───── Information given

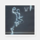 Glowing neon basketball player with a ball ready to dunk the ball in the net.
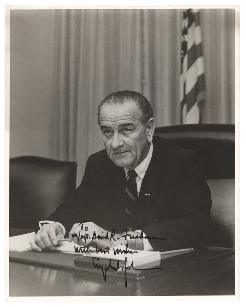 Vintage matte-finish 8 x 10 photo of President Johnson at his desk, signed and inscribed in fountain pen, "To M/Sgt. David R. Friedman, with best wishes, Lyndon B. Johnson.” Reverse is stamp-dated April 8, 1968. In fine condition.
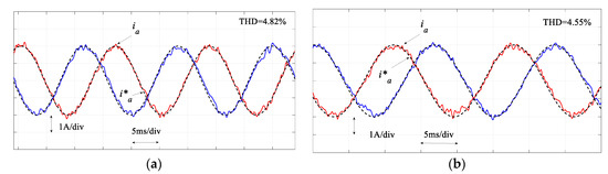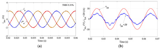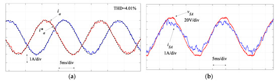 The proposed SMPC reduces the computational burden and can potentially improve the performance further. Compared with the traditional MPC, the computation burden is reduced because only the pre-selected switch states are evaluated in the second and subsequent sequential cost functions. In addition, the prediction model computation for the following cost functions is also reduced. These further improve the performance by increasing the sampling frequency of the algorithm. However, this is difficult to achieve in the traditional MPC because all switch states are evaluated in all cost functions; otherwise, some pre-selection technique must be applied. To verify this benefit of the proposed SMPC, the sampling time was reduced to 80 μs, which complies with the experimental implementation in the following section. The simulation results for the proposed SMPC with Ts = 80 μs are shown in Figure 6. The regulated output current is improved in terms of the waveform and THD (3.31%) and the input waveform is also improved.
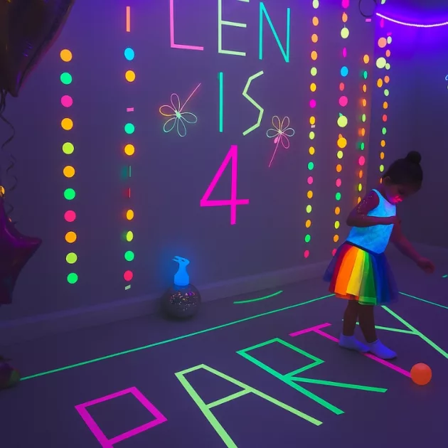 At my cousin’s sleepover, we used the neon tape to make cool shapes on the walls. We peeled it off in the morning and nothing was left behind.
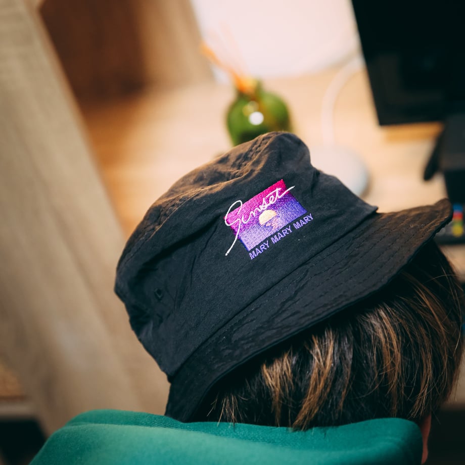 エンディングでバイクが走る、あの夕焼けが完全刺繍。
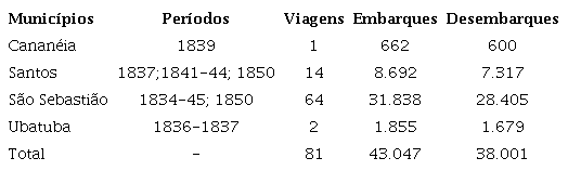 De maneira mais direta, o silêncio imposto como política de Estado ao comércio ilegal de africanos (MAMIGONIAN, 2017) e o amplo apoio social que despertava entre aqueles que dele dependiam (CARVALHO, 2012), fez ocultar personagens, espaços e estruturas do crime de reduzir homens, mulheres e muitas crianças livres ao cativeiro no Brasil. Segundo os dados compilados pelo projeto The Transatlantic Slave Trade Database - Voyages, 81 viagens negreiras foram registradas para o litoral paulista na era da clandestinidade. Entre 1836 e 1850, de Cananéia a Ubatuba, totaliza-se o envio de pouco mais de 43 mil africanos. Vejamos na tabela a seguir:
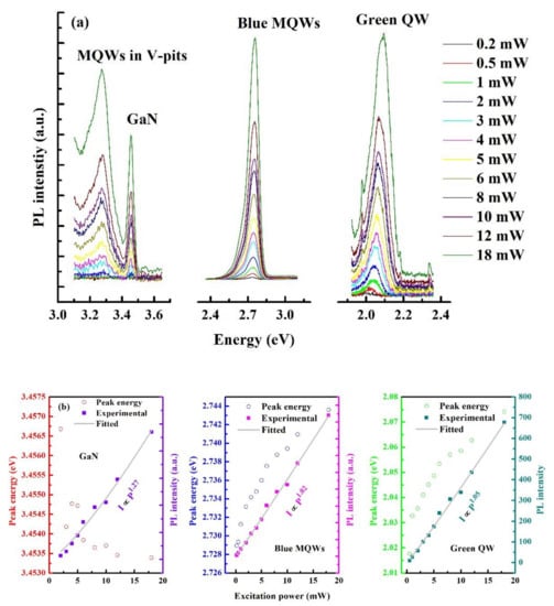 To investigate the optical performance of the as-grown sample, the excitation power-dependent PL was carried out at 90 K. The excitation power was changed from 0.2 mW to 18 mW by a neutral optical attenuator. The emission peaks for GaN, blue MQWs and the green QW are clearly discernable from the spectra (Figure 3a). The other peak locates at ~3.27 eV, which is between the GaN (3.45 eV) and blue MQWs (2.75 eV), and should be attributed to the emission from the MQWs on the sidewall of V-pits. As shown in Figure 2c,d, the MQWs on the sidewall of V-pits are more than half thinner than the normal MQWs; therefore, the emission peak should demonstrate a large blue-shift. Moreover, as the sidewalls of V-pits are semi-polar planes, where the indium incorporation efficiency is lower than the c-plane, the blue-shift of the emission peak will be exacerbated further, thus leading to the additional emission peak between GaN and blue MQWs [9,27]. The peaks are fitted by a Gaussian function, and the peak energies as well as the PL integral intensity for each peak are represented in Figure 3b. It is worth noting that the emission peak of GaN exhibits a red-shift as the excitation power increases, while the emission peaks for blue MQWs and the green QW are monotonously blue-shift. The red-shift for the GaN emission peak should be attributed to the bandgap shrinkage due to the heating effect introduced by the high excitation power. Furthermore, the blue-shift for blue MQWs and green QW should be due to the band filling effect. A higher excitation power will excite the photogenerated carriers to populate the higher energy bands, thus leading to a blue-shift of the emission peak. The carrier transport from barrier to well may also contribute to the blue-shift as suggested by Lu et al. in that the excitation source is within the nonresonant excitation regime [29]. The PL integral intensity changing with excitation power obeys a power law function, viz. , where I is the PL integral intensity, P is the excitation power and m is the index [18,30,31]. The fitted results are demonstrated in Figure 3b. The index m of GaN is 1.27, which is larger than 1, indicating a Shockley–Read–Hall (SRH)-dominant recombination [30]. In addition, the m indices for blue MQWs and green QW are almost equal to 1, indicating the radiative recombination process is dominant, which benefits the high efficiency light emission [30].
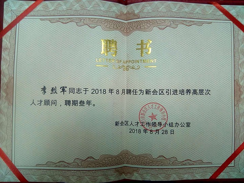 ▲李烈军教授被聘为新会区的人才顾问,图为人才顾问证书
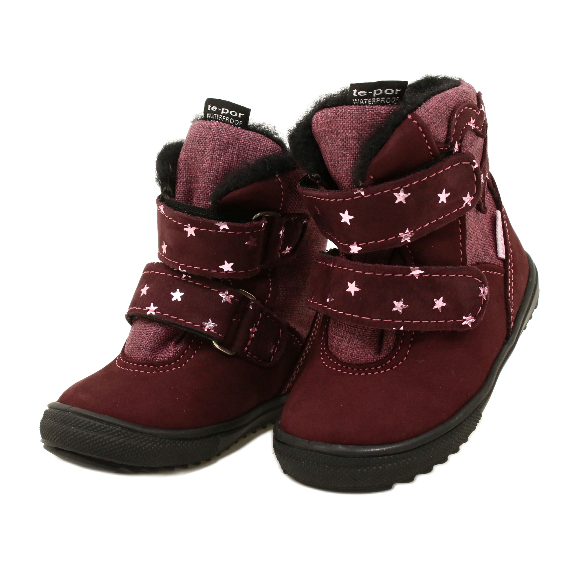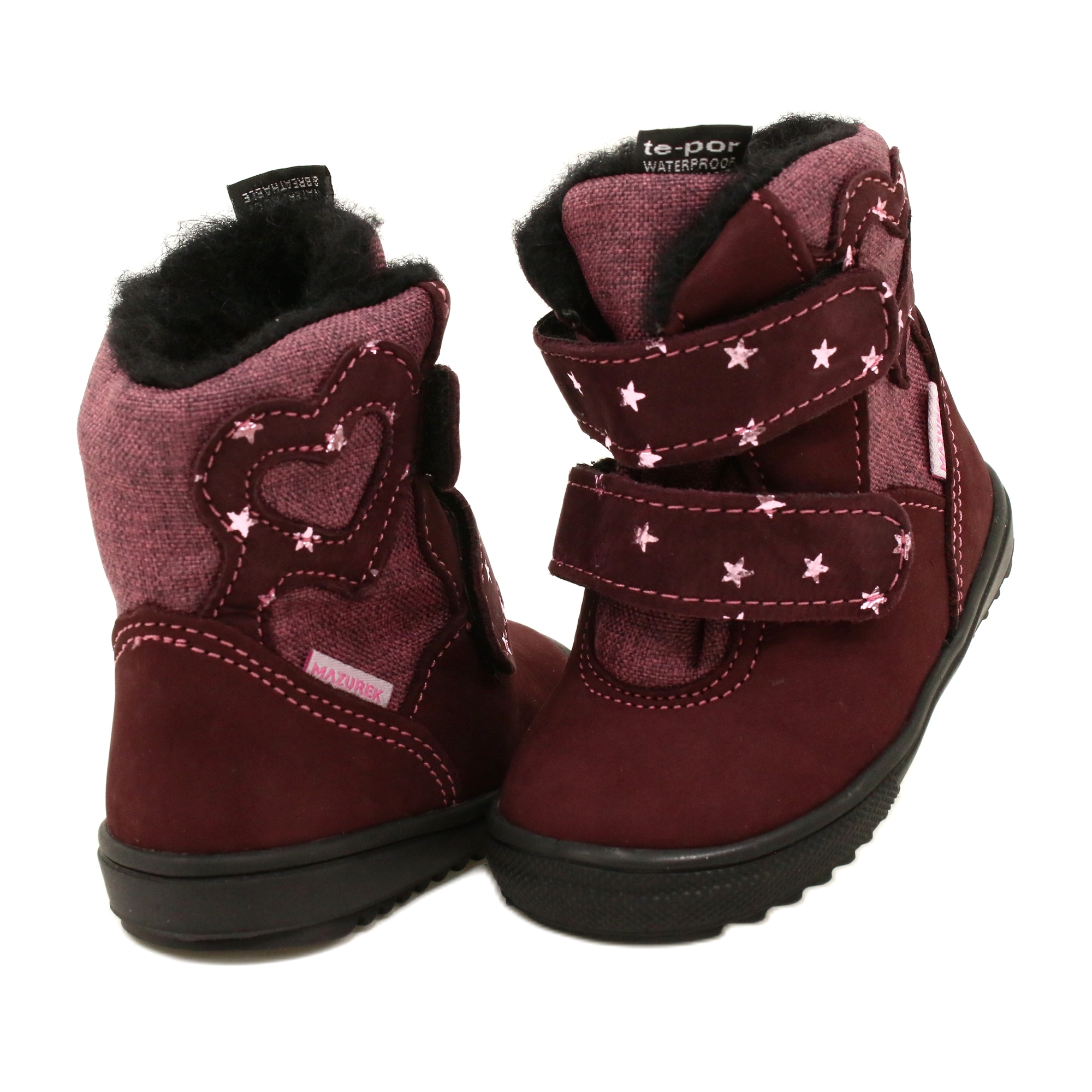 Les bottes de neige imperméables TE-POR Mazurek 1351 de couleur bordeaux sont le choix parfait pour les petites filles qui ont besoin de confort et de protection lors des journées glaciales. Grâce à l'utilisation de la membrane innovante TE-POR, ces chaussures protègent efficacement de l'humidité, ce qui vous permet de jouer librement en extérieur, même dans des conditions difficiles.
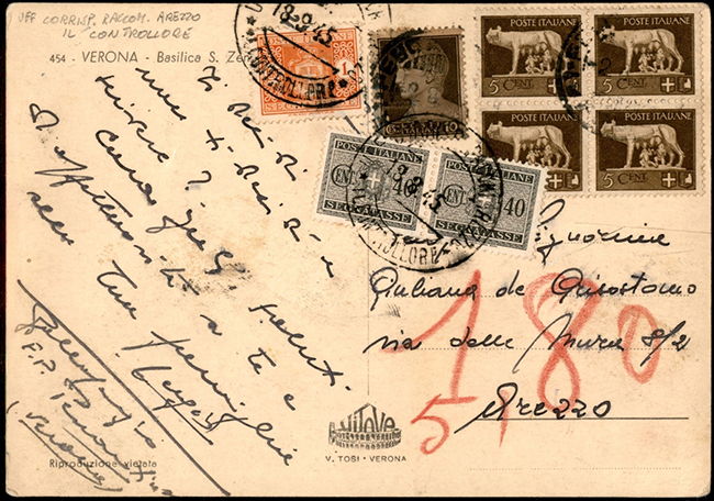 Cartolina illustrata diretta ad Arezzo, tassata in arrivo con segnatasse per £. 1,80, per il doppio del porto mancante, annullata 18.9.1945, bollo dell'Ufficio corrisp. raccom. Arezzo - Il Controllare
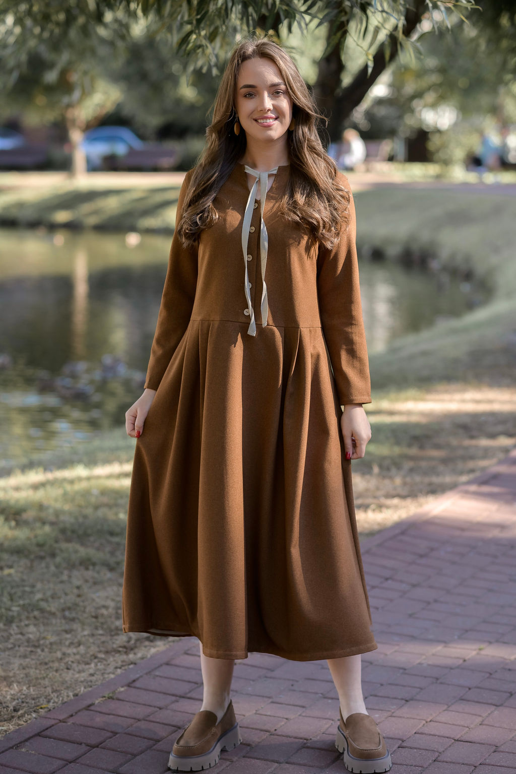Это платье без сомнения будет уместно как на работе так и на торжественном мероприятии, в храме или на семейных прогулках. Его утончённый силуэт, натуральный состав и продуманные детали подчеркнут особенный вкус и внимание к качеству.
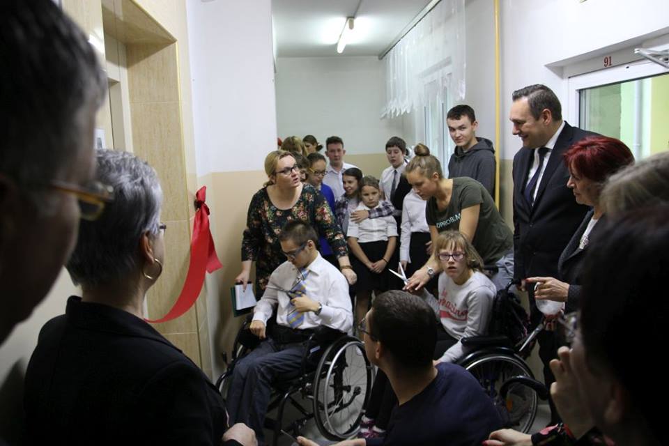 Szkolny Ośrodek Szkolno-Wychowawczy w Sokółce ma wymarzoną windę. Inwestycja była wynikiem wykonania projektu pn. „Windą do nieba – likwidacja barier w zakresie umożliwiającym osobom niepełnosprawnym poruszanie się i komunikację” realizowanego ze środków PFRON w ramach programu „Wyrównywanie różnic między regionami 2017”. W uroczystości otwarcia, które odbyło się 5 grudnia wzięła udział p.o. dyrektora Oddziału Podlaskiego PFRON Grażyna Bogdańska. Wychowankowie SOSW w Sokółce na tę okazję przygotowali koncert, deklamowali wiersze, a także sami upiekli pyszne pączki.

──────────

With the pictures left out, write out all of the data exactly.

 Glowing neon basketball player with a ball ready to dunk the ball in the net.
 Vintage matte-finish 8 x 10 photo of President Johnson at his desk, signed and inscribed in fountain pen, "To M/Sgt. David R. Friedman, with best wishes, Lyndon B. Johnson.” Reverse is stamp-dated April 8, 1968. In fine condition.
 The proposed SMPC reduces the computational burden and can potentially improve the performance further. Compared with the traditional MPC, the computation burden is reduced because only the pre-selected switch states are evaluated in the second and subsequent sequential cost functions. In addition, the prediction model computation for the following cost functions is also reduced. These further improve the performance by increasing the sampling frequency of the algorithm. However, this is difficult to achieve in the traditional MPC because all switch states are evaluated in all cost functions; otherwise, some pre-selection technique must be applied. To verify this benefit of the proposed SMPC, the sampling time was reduced to 80 μs, which complies with the experimental implementation in the following section. The simulation results for the proposed SMPC with Ts = 80 μs are shown in Figure 6. The regulated output current is improved in terms of the waveform and THD (3.31%) and the input waveform is also improved.
 At my cousin’s sleepover, we used the neon tape to make cool shapes on the walls. We peeled it off in the morning and nothing was left behind.
 エンディングでバイクが走る、あの夕焼けが完全刺繍。
 De maneira mais direta, o silêncio imposto como política de Estado ao comércio ilegal de africanos (MAMIGONIAN, 2017) e o amplo apoio social que despertava entre aqueles que dele dependiam (CARVALHO, 2012), fez ocultar personagens, espaços e estruturas do crime de reduzir homens, mulheres e muitas crianças livres ao cativeiro no Brasil. Segundo os dados compilados pelo projeto The Transatlantic Slave Trade Database - Voyages, 81 viagens negreiras foram registradas para o litoral paulista na era da clandestinidade. Entre 1836 e 1850, de Cananéia a Ubatuba, totaliza-se o envio de pouco mais de 43 mil africanos. Vejamos na tabela a seguir:
 To investigate the optical performance of the as-grown sample, the excitation power-dependent PL was carried out at 90 K. The excitation power was changed from 0.2 mW to 18 mW by a neutral optical attenuator. The emission peaks for GaN, blue MQWs and the green QW are clearly discernable from the spectra (Figure 3a). The other peak locates at ~3.27 eV, which is between the GaN (3.45 eV) and blue MQWs (2.75 eV), and should be attributed to the emission from the MQWs on the sidewall of V-pits. As shown in Figure 2c,d, the MQWs on the sidewall of V-pits are more than half thinner than the normal MQWs; therefore, the emission peak should demonstrate a large blue-shift. Moreover, as the sidewalls of V-pits are semi-polar planes, where the indium incorporation efficiency is lower than the c-plane, the blue-shift of the emission peak will be exacerbated further, thus leading to the additional emission peak between GaN and blue MQWs [9,27]. The peaks are fitted by a Gaussian function, and the peak energies as well as the PL integral intensity for each peak are represented in Figure 3b. It is worth noting that the emission peak of GaN exhibits a red-shift as the excitation power increases, while the emission peaks for blue MQWs and the green QW are monotonously blue-shift. The red-shift for the GaN emission peak should be attributed to the bandgap shrinkage due to the heating effect introduced by the high excitation power. Furthermore, the blue-shift for blue MQWs and green QW should be due to the band filling effect. A higher excitation power will excite the photogenerated carriers to populate the higher energy bands, thus leading to a blue-shift of the emission peak. The carrier transport from barrier to well may also contribute to the blue-shift as suggested by Lu et al. in that the excitation source is within the nonresonant excitation regime [29]. The PL integral intensity changing with excitation power obeys a power law function, viz. , where I is the PL integral intensity, P is the excitation power and m is the index [18,30,31]. The fitted results are demonstrated in Figure 3b. The index m of GaN is 1.27, which is larger than 1, indicating a Shockley–Read–Hall (SRH)-dominant recombination [30]. In addition, the m indices for blue MQWs and green QW are almost equal to 1, indicating the radiative recombination process is dominant, which benefits the high efficiency light emission [30].
 ▲李烈军教授被聘为新会区的人才顾问,图为人才顾问证书
 Les bottes de neige imperméables TE-POR Mazurek 1351 de couleur bordeaux sont le choix parfait pour les petites filles qui ont besoin de confort et de protection lors des journées glaciales. Grâce à l'utilisation de la membrane innovante TE-POR, ces chaussures protègent efficacement de l'humidité, ce qui vous permet de jouer librement en extérieur, même dans des conditions difficiles.
 Cartolina illustrata diretta ad Arezzo, tassata in arrivo con segnatasse per £. 1,80, per il doppio del porto mancante, annullata 18.9.1945, bollo dell'Ufficio corrisp. raccom. Arezzo - Il Controllare
Это платье без сомнения будет уместно как на работе так и на торжественном мероприятии, в храме или на семейных прогулках. Его утончённый силуэт, натуральный состав и продуманные детали подчеркнут особенный вкус и внимание к качеству.
 Szkolny Ośrodek Szkolno-Wychowawczy w Sokółce ma wymarzoną windę. Inwestycja była wynikiem wykonania projektu pn. „Windą do nieba – likwidacja barier w zakresie umożliwiającym osobom niepełnosprawnym poruszanie się i komunikację” realizowanego ze środków PFRON w ramach programu „Wyrównywanie różnic między regionami 2017”. W uroczystości otwarcia, które odbyło się 5 grudnia wzięła udział p.o. dyrektora Oddziału Podlaskiego PFRON Grażyna Bogdańska. Wychowankowie SOSW w Sokółce na tę okazję przygotowali koncert, deklamowali wiersze, a także sami upiekli pyszne pączki.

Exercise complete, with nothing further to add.